In many parts of West Africa and the Middle East the cassette’s popularity has endured. DJ Brian Shimkovitz encountered a thriving musical economy of DIY tapes during a trip to Ghana in the early Noughties.

He launched a blog, Awesome Tapes from Africa, along with a record label soon after to share his discoveries, from scratchy highlife to synth-led squelchy homemade afro-disco. Amsterdam-based DJ Moataz Rageb, AKA Disco Arabesquo, has been building a cassette collection of Egyptian funk and disco for many years and is set to release a selection of his favourites on a new compilation called Sharayat El Disco on the We Want Sounds label in June. Rageb credits the cassette format as a catalyst for youth culture across Egypt; tapes are cheap, accessible and easy to share and gave young people a new musical independence.

Cassettes may yet reclaim their cultural cachet in the UK too.

Ninja Tune’s Strictly Kev (aka DJ Food) believes the comeback has already begun, and that it’s no bad thing. “The cassette is cheap and easy to produce,” he says. “Bands are going to be looking to other formats for a fast turnaround now that vinyl waiting times and costs are through the roof.”

He also rebuffs the notion that records are inherently superior. “When tapes first came out there were all sorts of claims made for their quality and clarity, then it was the CD, now it’s vinyl’s turn again.” 

Giorgio Carbone, co-founder of Mars Tapes in Manchester, which claims to be the UK’s last cassette shop, agrees. “The revival is surely underway,” he tells me. “More and more artists are now releasing on tape, and even big record labels have reintroduced the format on their catalogues.”

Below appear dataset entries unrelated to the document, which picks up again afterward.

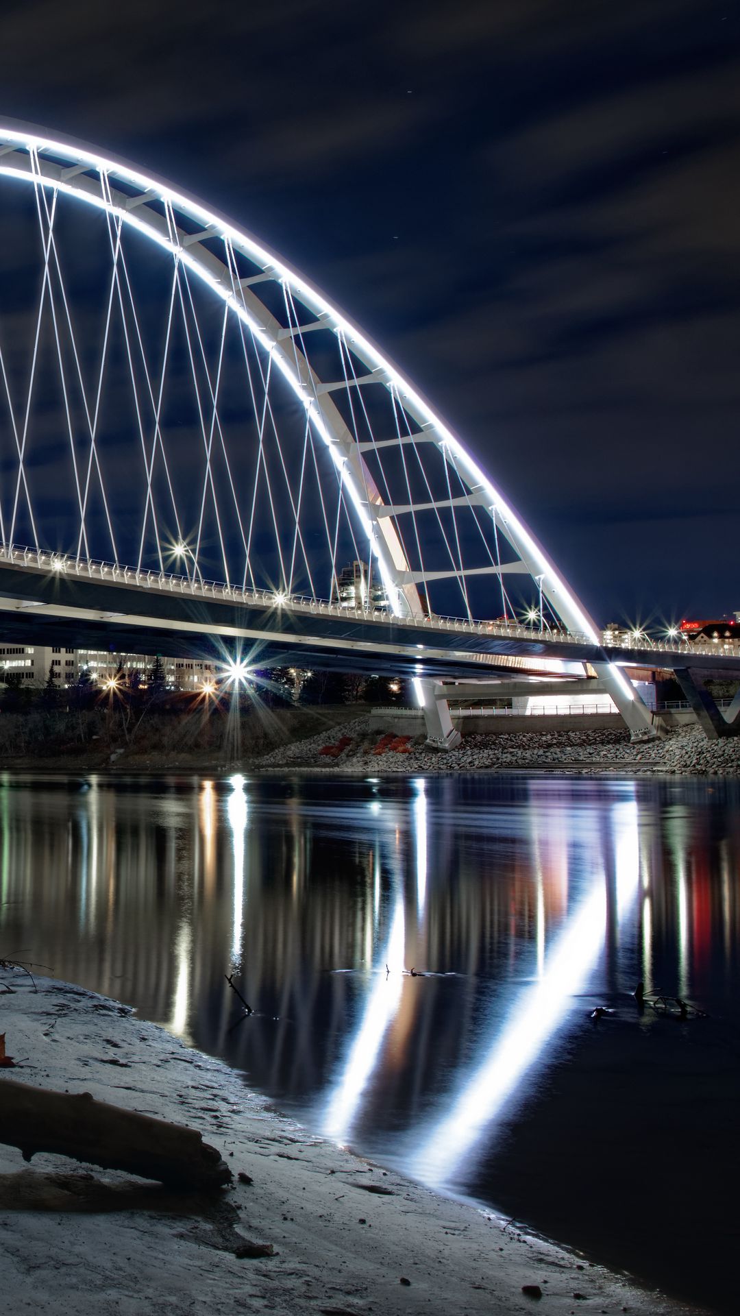 Description: Bridge, city, night, water, backlight, reflection, river, sand. Download free hd wallpaper and background image for Windows and Mac desktops, laptops, tablets and phones. Author: Κουράμπα License: CC BY-SA.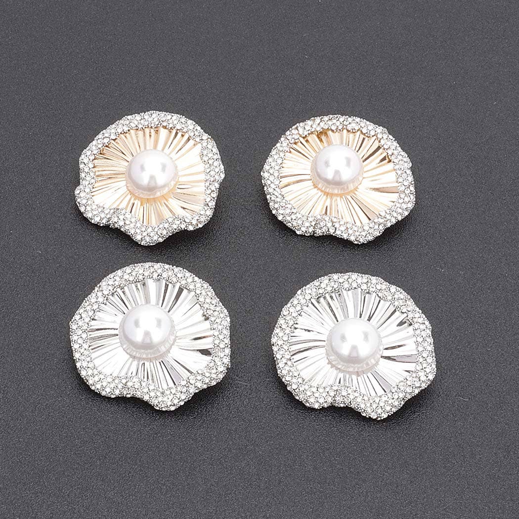 Etched Shell and Freshwater Pearl Stud Earring Stainless Post White or Pink 1/2" diamater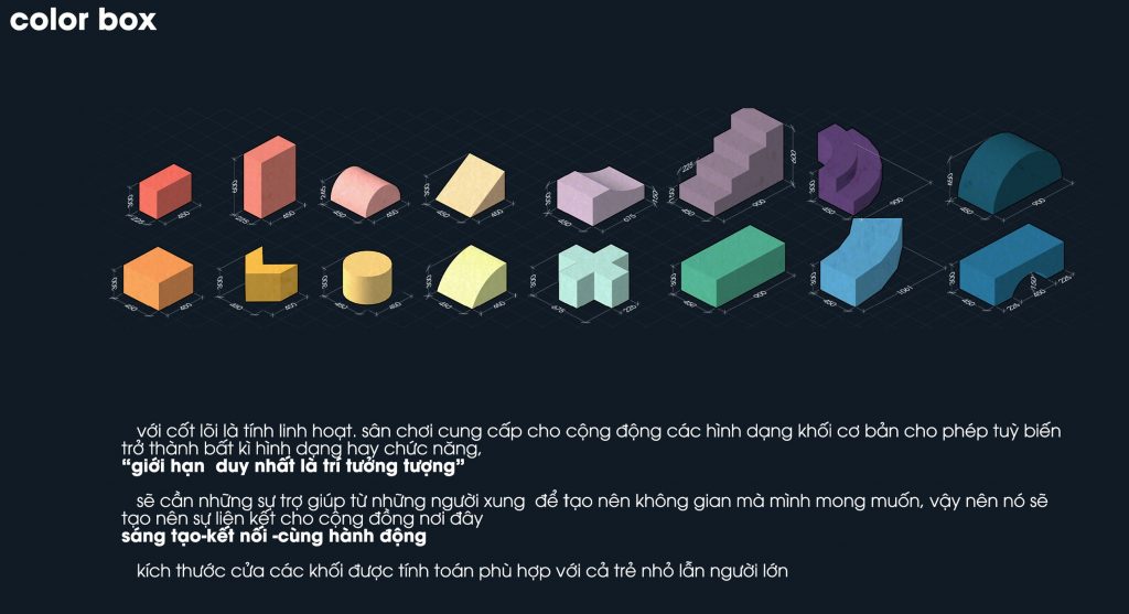 GREEN BOX: tạo ra để nhằm tăng cường mảng xanh cho không gian mà vẫn giữ được tính linh hoạt và không thay đổi tới hiện trạng của khu đất, cũng là để con người kết nối thiên nhiên nhiều hơn.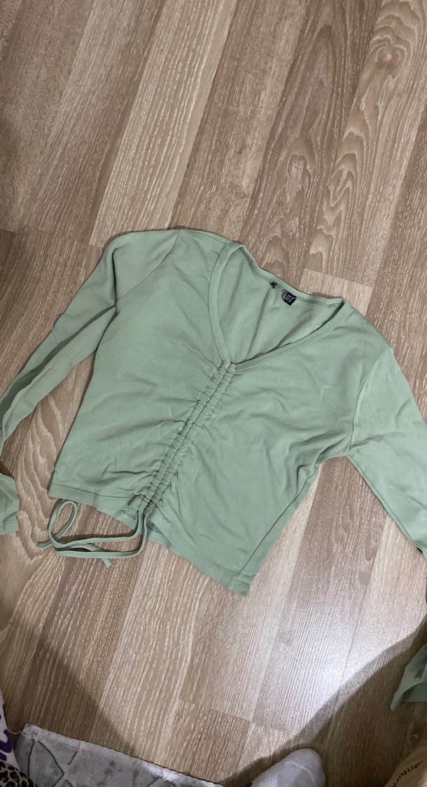 Yumuşak keten kumaştan, uzun kollu ve V yakalı, düğmeli, ön kısmı büzgülü, pastel yeşil renkli, dar kesim kız bluzu.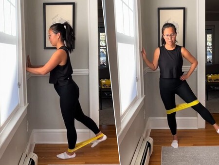 Cómo se realiza: Mantén la cinta elástica por encima de las rodillas. Apóyate en la pared con la mano derecha para buscar estabilidad. Desde una posición erguida, eleva la pierna derecha lateralmente hasta donde el control del movimiento lo permita, sin inclinar el tronco hacia el lado contrario. Regresa lentamente a la posición inicial, sin dejar caer la pierna. Repite el movimiento con la pierna izquierda, y realiza entre 10 y 12 repeticiones por cada lado.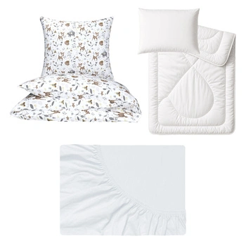 Zestaw pościeli 100x160 + 50x60 + prześcieradło jersey 80x160 | 314wie | biała | sarenki i króliczki

The shop’s clientele ranges from newcomers looking for a selection of tapes, and a Walkman or boombox as a starter kit, to serious collectors who visit every week and browse the new stock. As with vinyl, the tangibility of cassettes seems to trump the lack of convenience. “Streaming is a great tool, but nothing beats the feeling of holding and owning music,” Carbone adds. “And they fit inside your pocket!”